For loop searching takes too long!
Jonathan Gardner
jgardner at jonathangardner.net
Fri Jan 29 23:49:06 CET 2010
On Jan 28, 3:52 pm, elsa <kerensael... at hotmail.com> wrote:
>
> I've got a problem with my program, in that the code just takes too
> long to run. Here's what I'm doing. If anyone has any tips, they'd be
> much appreciated!
>
First of all, don't play with large lists. Large lists have a tendency
to grow larger over time, until they get absurdly large.
If you're dealing with a long list, work with it like you'd work with
a file. If you need random access, stick it in some form of database,
such as BDB or PostgreSQL. If you need an index, stick it in some form
of DB. Eventually, large lists end up like that anyway. Don't fool
yourself early on---prepare for the worst and solve the problems of
tomorrow today.
> So, say I have a list of lists that looks something like this (I'm
> using a list of lists, rather than a list of tuples, as I need it to
> be mutable):
>
> myList = [[786,0],[45, 1],[673,1],...................[23,46]]
>
> there are enough entries in the outer list, that the sum of myList[i]

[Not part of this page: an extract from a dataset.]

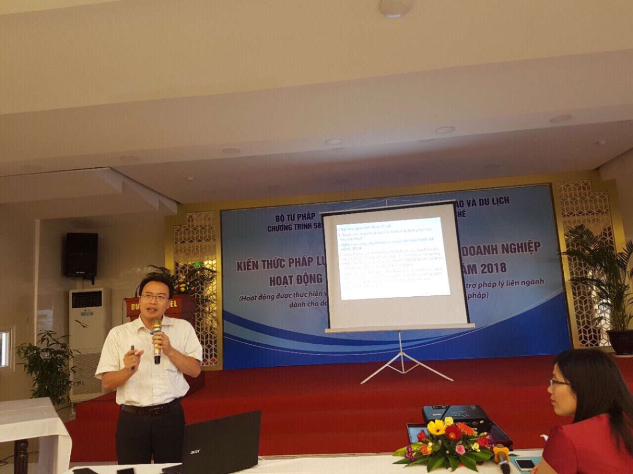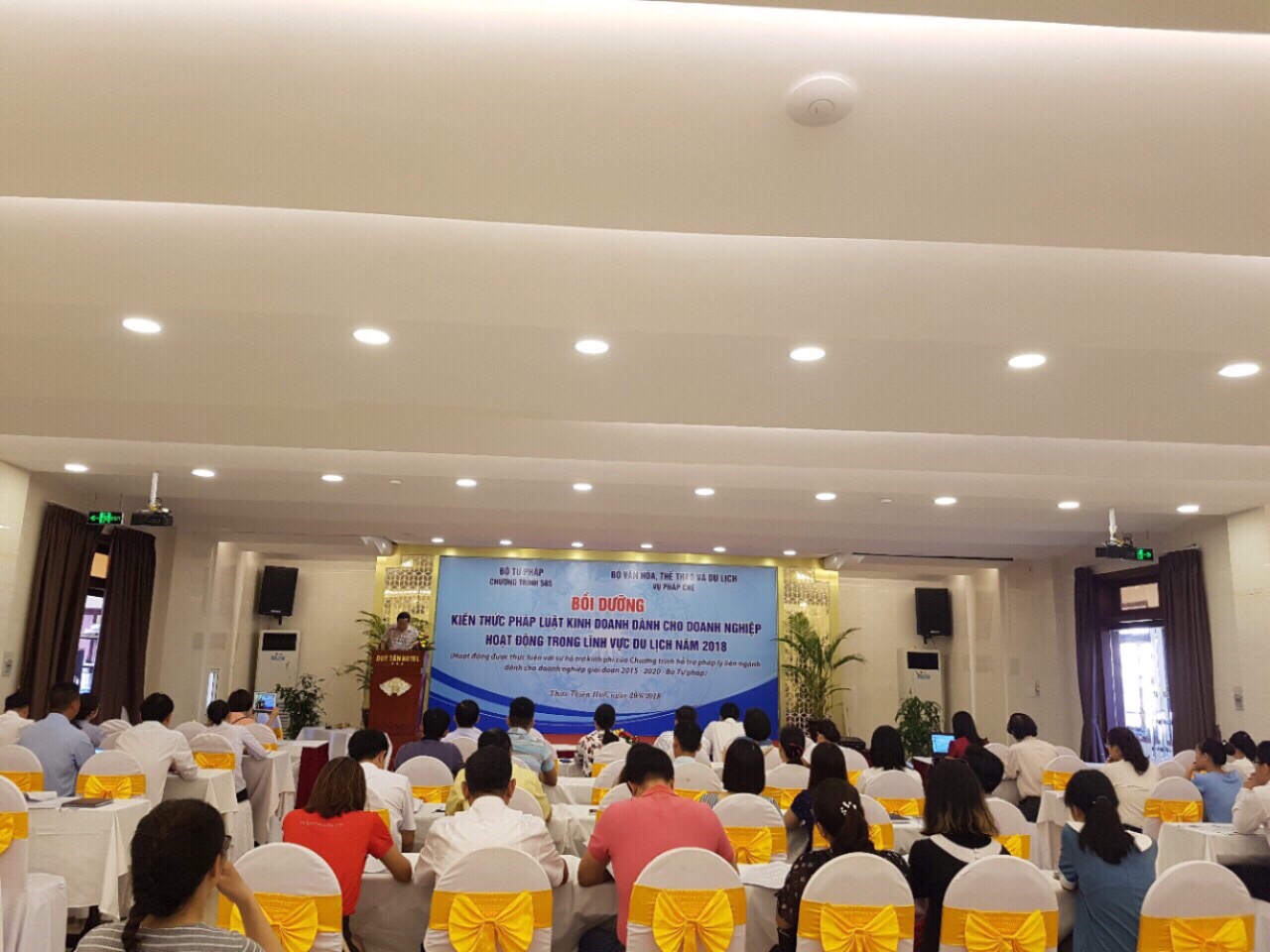 Thực hiện Quyết định số 1217/QĐ-585 ngày 31/5/2018 của Ban quản lý Chương trình hỗ trợ pháp lý liên ngành dành cho doanh nghiệp giai đoạn 2015-2020 về việc chọn Văn phòng Bộ Văn hóa, Thể thao và Du lịch (phối hợp với Vụ Pháp, Bộ Văn hóa, Thể thao và Du lịch) tham gia thực hiện hoạt động bồi dưỡng kiến thức pháp luật kinh doanh dành cho doanh nghiệp năm 2018 và Hợp đồng số 45/BTP-585 ngày 31/5/2018 giữa Ban quản lý Chương trình hỗ trợ pháp lý liên ngành dành cho doanh nghiệp giai đoạn 2015-2020 và Văn phòng Bộ Văn hóa, Thể thao và Du lịch (phối hợp Vụ Pháp chế, Bộ Văn hóa, Thể thao và Du lịch), Bộ Văn hóa, Thể thao và Du lịch đã tổ chức lớp bồi dưỡng kiến thức pháp luật kinh doanh dành cho doanh nghiệp hoạt động trong lĩnh vực du lịch.

> [0] across all i could be as high as 10^7.
>
> Now, what I need to do is randomly choose one myList[i], however the
> distribution of my random choice needs to be proportional to the
> values of myList[i][0]. So, for this list above, I'd have a much
> higher chance of choosing myList[0] than myList[1].
>
Let's do some thinking here.
Let's say you have a list of N items. You need to choose one, but you
don't know how many there are.
One algorithm that works is you start with the first item. If that's
the only item, you've chosen it.
If there's another item, you roll the dice. There's a 1/2 chance you
drop the first item and take the sedon.
If there's a third item, you roll the dice, There's a 1/3 chance you
drop the first or second item, and take the third.
You see the pattern? Keep the nth item 1/n of the time.
In your case, you're actually pulling off N items each time, all with
the same value. Your chance of keeping the next item is (number of
items in the next one)/(total items seen so far, including the next
one). Do the math for this. It's really simple.
Let's walk through this:
[[786,0],[45, 1],[673,2],...................[23,46]]
Step 1: See [786,0]. Remember 786. Keep 0.
Step 2: See [45,1]. Remember 786+45=831. Keep 1 45/831 of the time.
Step 3: See [673,2]. Remember 831+673=1504. Keep 2 673/1504 of the
time.
Etc...
Now, the algorithm I've just described is much less memory intensive
and can deal with very long lists of numbers. However, you are calling
rand() a lot. rand() is not a cheap operation. One optimization is to
roll rand() once, and keep using that number over and over again.
Granted, for very large numbers of items, you're going to need a very
precise random number of some very small probabilities will never be
chosen. This is left as an exercise for the reader.